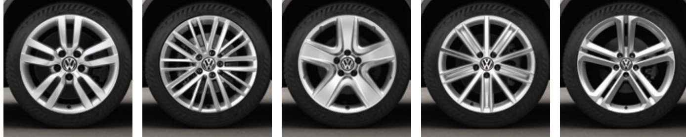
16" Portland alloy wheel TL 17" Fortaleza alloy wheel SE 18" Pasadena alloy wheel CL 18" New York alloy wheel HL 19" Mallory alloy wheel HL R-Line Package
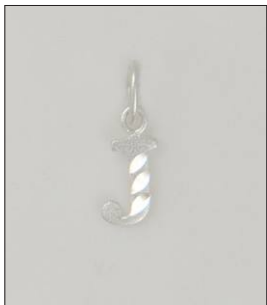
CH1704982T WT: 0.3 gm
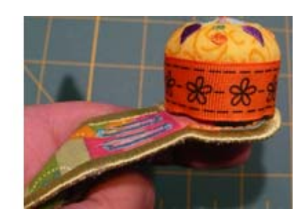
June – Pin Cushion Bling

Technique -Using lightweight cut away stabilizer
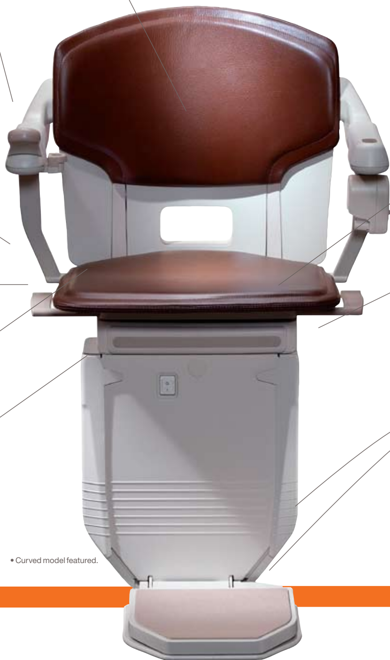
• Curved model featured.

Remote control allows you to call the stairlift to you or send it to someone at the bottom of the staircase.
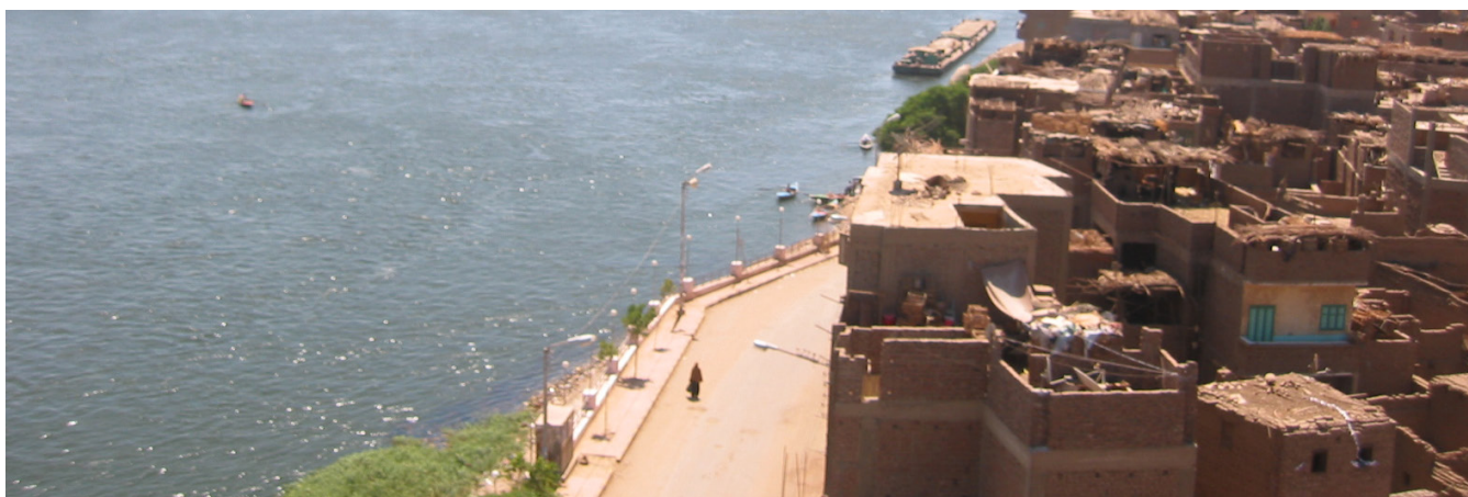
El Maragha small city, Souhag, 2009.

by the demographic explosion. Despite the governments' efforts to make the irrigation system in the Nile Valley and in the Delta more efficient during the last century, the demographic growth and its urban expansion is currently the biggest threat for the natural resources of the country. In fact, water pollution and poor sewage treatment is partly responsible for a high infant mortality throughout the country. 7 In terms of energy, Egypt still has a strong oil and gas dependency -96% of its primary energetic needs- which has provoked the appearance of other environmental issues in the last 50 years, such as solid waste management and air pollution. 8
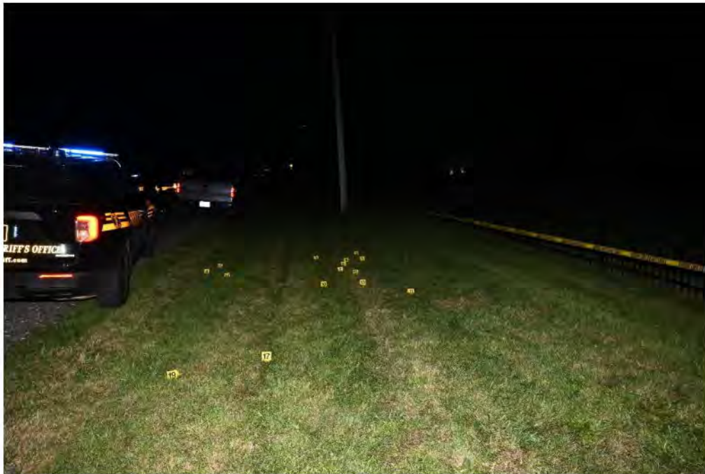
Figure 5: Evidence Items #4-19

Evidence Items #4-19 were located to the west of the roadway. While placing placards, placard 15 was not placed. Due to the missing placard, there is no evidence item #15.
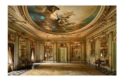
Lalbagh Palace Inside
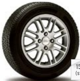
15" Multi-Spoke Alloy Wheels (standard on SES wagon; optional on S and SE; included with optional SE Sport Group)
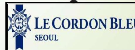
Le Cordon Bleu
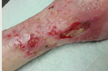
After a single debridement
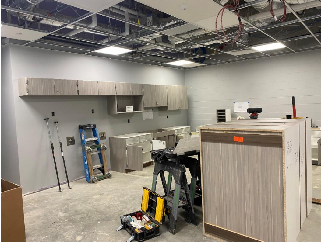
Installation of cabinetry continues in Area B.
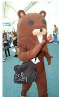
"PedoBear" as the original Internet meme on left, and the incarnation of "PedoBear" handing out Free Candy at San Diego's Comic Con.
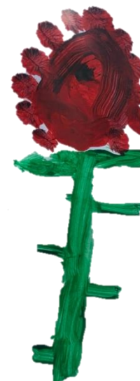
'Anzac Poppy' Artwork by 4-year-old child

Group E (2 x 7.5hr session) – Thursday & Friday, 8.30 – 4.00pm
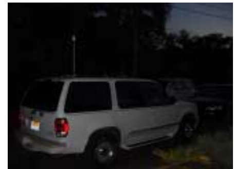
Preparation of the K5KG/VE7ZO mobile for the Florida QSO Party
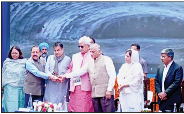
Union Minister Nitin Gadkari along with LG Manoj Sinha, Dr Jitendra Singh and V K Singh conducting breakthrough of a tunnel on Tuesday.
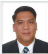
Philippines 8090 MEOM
* * *
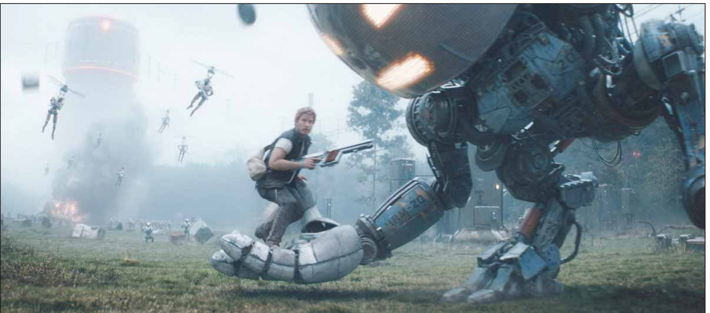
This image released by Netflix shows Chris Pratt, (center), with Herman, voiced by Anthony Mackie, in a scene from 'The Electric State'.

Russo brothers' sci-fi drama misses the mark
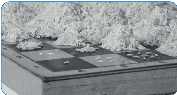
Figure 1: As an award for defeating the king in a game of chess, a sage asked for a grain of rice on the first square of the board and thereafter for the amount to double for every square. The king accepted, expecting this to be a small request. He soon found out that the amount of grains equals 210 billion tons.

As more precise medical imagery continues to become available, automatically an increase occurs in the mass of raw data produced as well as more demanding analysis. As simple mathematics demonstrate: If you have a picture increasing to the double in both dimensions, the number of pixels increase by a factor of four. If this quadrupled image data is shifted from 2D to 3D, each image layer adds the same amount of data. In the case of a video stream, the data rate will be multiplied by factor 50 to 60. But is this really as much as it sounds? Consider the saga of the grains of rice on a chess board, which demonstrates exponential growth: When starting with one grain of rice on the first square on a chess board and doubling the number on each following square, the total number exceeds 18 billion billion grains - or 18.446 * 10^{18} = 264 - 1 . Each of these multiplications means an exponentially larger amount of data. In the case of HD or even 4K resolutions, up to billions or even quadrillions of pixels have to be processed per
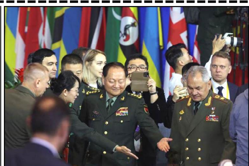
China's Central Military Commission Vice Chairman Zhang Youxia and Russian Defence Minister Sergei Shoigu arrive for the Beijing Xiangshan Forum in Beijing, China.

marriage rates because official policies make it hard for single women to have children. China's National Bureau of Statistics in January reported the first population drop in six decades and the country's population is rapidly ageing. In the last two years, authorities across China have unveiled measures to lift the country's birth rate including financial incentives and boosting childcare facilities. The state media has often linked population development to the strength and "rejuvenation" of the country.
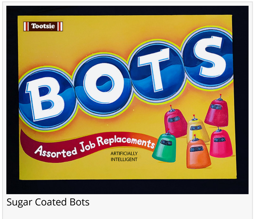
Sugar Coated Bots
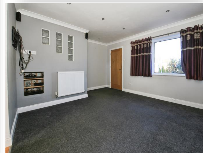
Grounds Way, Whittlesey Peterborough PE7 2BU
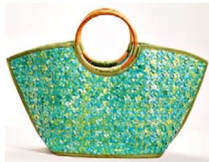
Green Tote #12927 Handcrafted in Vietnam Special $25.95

**Task directions**
The material above holds pictures; leave them out and set down exactly the lines from the line with "Lalbagh Palace Inside" to the line with "Philippines 8090 MEOM", both included.

**Final answer**
Lalbagh Palace Inside
15" Multi-Spoke Alloy Wheels (standard on SES wagon; optional on S and SE; included with optional SE Sport Group)
Le Cordon Bleu
After a single debridement
Installation of cabinetry continues in Area B.
"PedoBear" as the original Internet meme on left, and the incarnation of "PedoBear" handing out Free Candy at San Diego's Comic Con.
'Anzac Poppy' Artwork by 4-year-old child

Group E (2 x 7.5hr session) – Thursday & Friday, 8.30 – 4.00pm
Preparation of the K5KG/VE7ZO mobile for the Florida QSO Party
Union Minister Nitin Gadkari along with LG Manoj Sinha, Dr Jitendra Singh and V K Singh conducting breakthrough of a tunnel on Tuesday.
Philippines 8090 MEOM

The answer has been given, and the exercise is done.